The ligature marks were three in number and lower one was very deep. In the opinion of Dr. Gupta, deceased died because of asphyxia due to strangulation and death was homicidal in nature. In cross-examination, no suggestion was given to him that deceased met suicidal death. 13. On perusal of post-mortem report and statement of medical expert Dr. Gupta, we are in full agreement with him that death was, homicidal in nature because of strangulation and if deceased would have committed suicide by hanging, the ligature mark would not have been available on back side of the neck and entire pressure of the rope would have been on front side, left side and right side and damage could have been caused to trachea, larynx and esophagus because of weight of the body by hanging, but in the instant case, the ligature was found by Dr. Gupta horizontally surrounding the entire neck and internally congestion was found in internal vital organs i.e. trachea, larynx, esophagus and throat. This shows that much pressure was not used while strangulation and deceased died because of suffocation and non-supply of oxygen. The external symptoms of the face and tongue, which was protruded, could be available in the case of strangulation. 14. Jagdish (P.W.5), brother of the appellant has deposed that in the house situated in Bhaisana, appellant was residing in a room with his family. In the room itself there was attached latrine and bathroom. In the ground floor appellant was having his shop and on upper portion of the house, he was residing with his mother in separate rooms. In Para 19 he has deposed specifically that appellant told him that his wife Rajkumari was having illicit relation with his brother Vijay Kumar and Vijay is the real son of Daulatram Soni (P.W.3) whereas Rajkumari was an adopted daughter and she was frequently visiting Vijay. Brajmohan (P.W.6) has deposed that appellant was always disclosing about tense relationwith his wife and quarrel with each other. Whenever appellant was coming to temple he was locking the door from outside. In the night of incident, at 11.00 p.m. appellant went to his house for giving tablet to the deceased saying that she was suffering from abdominal pain and returned back to temple at 12.00 p.m. He has also stated that appellant and one Hariom had gone with him and he had also seen them returning back.
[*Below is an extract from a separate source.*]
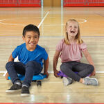 - Kids can scoot, glide, and roll around the room while building core strength and coordination on these handled scooter boards.

In the night of incident, at 11.00 p.m. appellant went to his house for giving tablet to the deceased saying that she was suffering from abdominal pain and returned back to temple at 12.00 p.m. He has also stated that appellant and one Hariom had gone with him and he had also seen them returning back. In cross-examination Para 10, the learned defence counsel confronted him with his case-diary statement (Ex-D/2), at A-A portion regarding illicit relation of his wife with somebody residing in Ujjain and he did not disclose the name of that person. Brajmohan (P.W.6) has admitted giving of this statement mentioned at A-A portion of Ex- D/2. The statement of brother of appellant named Jagdish (P.W.5) and independent witness Brajmohan (P.W.6) clearly establishes that appellant was not having cordial relation with the deceased and also having complete belief that she was having illicit relation with somebody or Vijay. 15. On the basis of statement of Jagdish (P.W.5), brother of the appellant and independent witness Brajmohan (P.W.6), it is clearly established that in the night of incident, appellant was in the company of his wife in their room. Appellant came to temple and again went to his house on the pretext of giving tablet to his wife, who was suffering from abdominal pain. There is no cross-examination, on this issue, of witnesses Jagdish (P.W.5) and Brajmnohan (P.W.6) by the defence and Jagdish in Para 18 has specifically stated that appellant was residing separately and independently with his wife and children in lower portion of the house. 16. A.S.I. R. C. Maravi (P.W.10) has deposed that on 14-3-2004 in the morning at 7.00 a.m., appellant along with Sarpanch Chandersingh reached at Police Outpost and gave information that his wife committed suicide by hanging, on the basis of which, he recorded Merg Intimation No. 02/04 vide Ex-P/20 and S.I. Sanjay Dwivedi (P.W.9) has also deposed about registration of Original Merg No. 4/04 in the Police Station. It is proved beyond doubt that appellant gave information that his wife committed suicide in the Police Outpost situated in the same village Bhaisana, which was recorded by A.S.I. R. C. Maravi (P.W.10).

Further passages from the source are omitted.